Body weight was measured to the nearest 0.1 kg using digital weighing scale (BodySCAN™ HBF 214 AP, Omron). Height was measured using a stadiometer (26SM, Biocon) to the nearest 0·1 cm. Body Mass Index (BMI) was calculated as

 

Figure 2. Intervention phase of the study.

weight (kg)/height (m2). Waist Circumference (WC) was measured midway between the iliac crest and the lowermost margin of the ribs, with the subject breathing normally using a non-stretchable tape. Body fat percentage (%) and skeletal mass (kg) were estimated using BodySCAN™ HBF-214 Body Composition Monitor (Omron). Systolic and diastolic blood pressure was measured using calibrated digital BP apparatus (BP 02XL, Dr. Morepen). Fasting blood glucose and HBA1c were assessed using venous blood samples on visit 1 and visit 5 (day 43). Twenty-four-hour dietary recalls were collected using a standard questionnaire. Information on physical activity was collected using modified Madras Diabetes Research Foundation physical activity questionnaire (MPAQ).

2.4.2. Continuous Glucose Monitoring (CGM)

Impact of DSNS on the ambulatory glucose profile was studied using a CGM device between two 14-day phases: CGM1 phase (baseline, days 1 - 14) and CGM2 phase (endline, days 28 - 42). The CGM system used was the Free Style Libre Pro (manufactured by Abbott Healthcare Pvt Ltd) and assessed the interstitial fluid glucose concentration. The CGM 1 phase was designed as the baseline for the 4-week intervention to elicit any differences in the CGM outcomes before and during/after the 4-week intervention (Figure 2). Randomized participants reported at the study site on day 0 and the CGM device was inserted in the back of the upper arm post dinner for all study participants. They were asked to continue wearing the device for the next 14 days. Participants in both the groups were instructed to continue with their habitual diet and routine physical activity for this CGM1 baseline. The CGM device was removed for all the study participants on Day 14 at bedtime (visit 3) providing a 14-day CGM1 phase data (baseline). All participants received lifestyle counselling on Day 15. In addition to LC, the test group was also provided the DSNS for daily consumption for the next 14 days. During this period, participants were not wearing any CGM device. All study participants reported back on day 29 (visit 4) for the CGM2 baseline.

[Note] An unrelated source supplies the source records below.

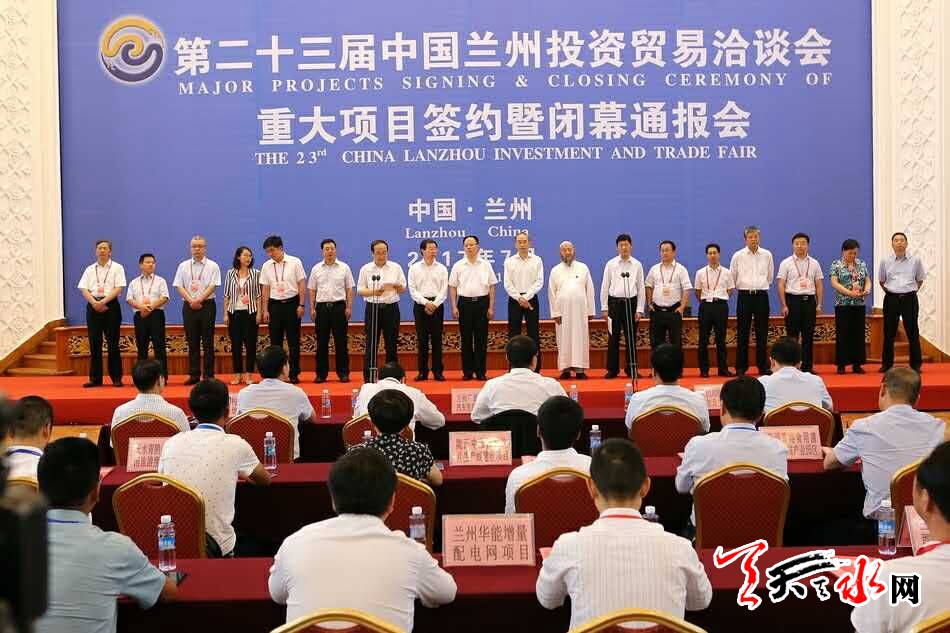 天天天水網(wǎng)蘭州電【全媒體記者郝勤學(xué)】7月9日下午,第二十三屆中國蘭州投資貿(mào)易洽談會重大項目簽約暨閉幕通報在在蘭州寧臥莊賓館舉行。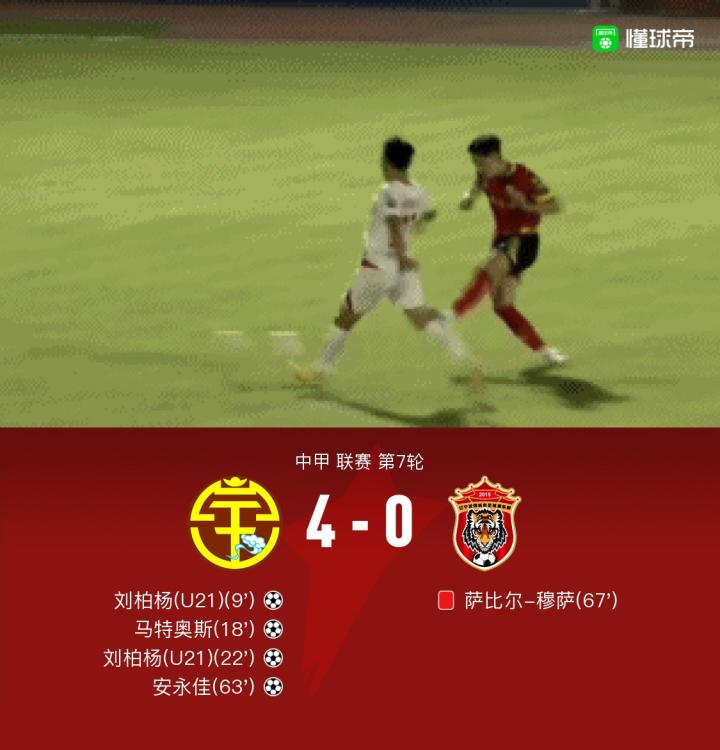 北京时间5月27日19:30,中甲第7轮比赛,广西平果哈嘹对阵辽宁沈阳城市。上半场,刘柏杨打破僵局并随后完成梅开二度,马特奥斯任意球破门;下半场,安永佳建功,穆萨染红,广西4-0大胜十人辽宁沈阳城市。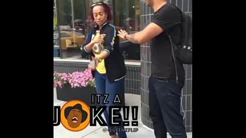 饶不了你 黑人胖哥和女子的玩笑开大了

On day 28, the participants reported back to the study site and a new CGM device was inserted post dinner (visit 4), for all participants. Again, the participants in both groups received lifestyle counselling and the test group was given the DSNS for daily consumption for the next 14 days. All the participants reported back on day 42 (visit 5) for the endline visit and CGM removal. CGM 1 phase (days 1 - 14) and CGM 2 phase (days 29 - 42) records were compared to assess the efficacy of intervention on mean blood glucose, estimated HbA1c, and Time in Range (TIR), among DSNS + LC as well as LC alone groups.

2.5. Data Analysis

The statistical analysis was done by using SAS® statistical software (Version: 9.4 or higher; SAS Institute Inc., USA). Intention to treat analysis was conducted for 199 participants [test (n = 100) and control (n = 99)] who participated in this parallel phase study. During the study period, 35 participants in the test and 37 participants in the control group did not complete the study (reasons for dropout as listed in Figure 2). Consequently, a per protocol analysis was conducted, encompassing 65 participants in the test, and 63 in control group (Figure 1).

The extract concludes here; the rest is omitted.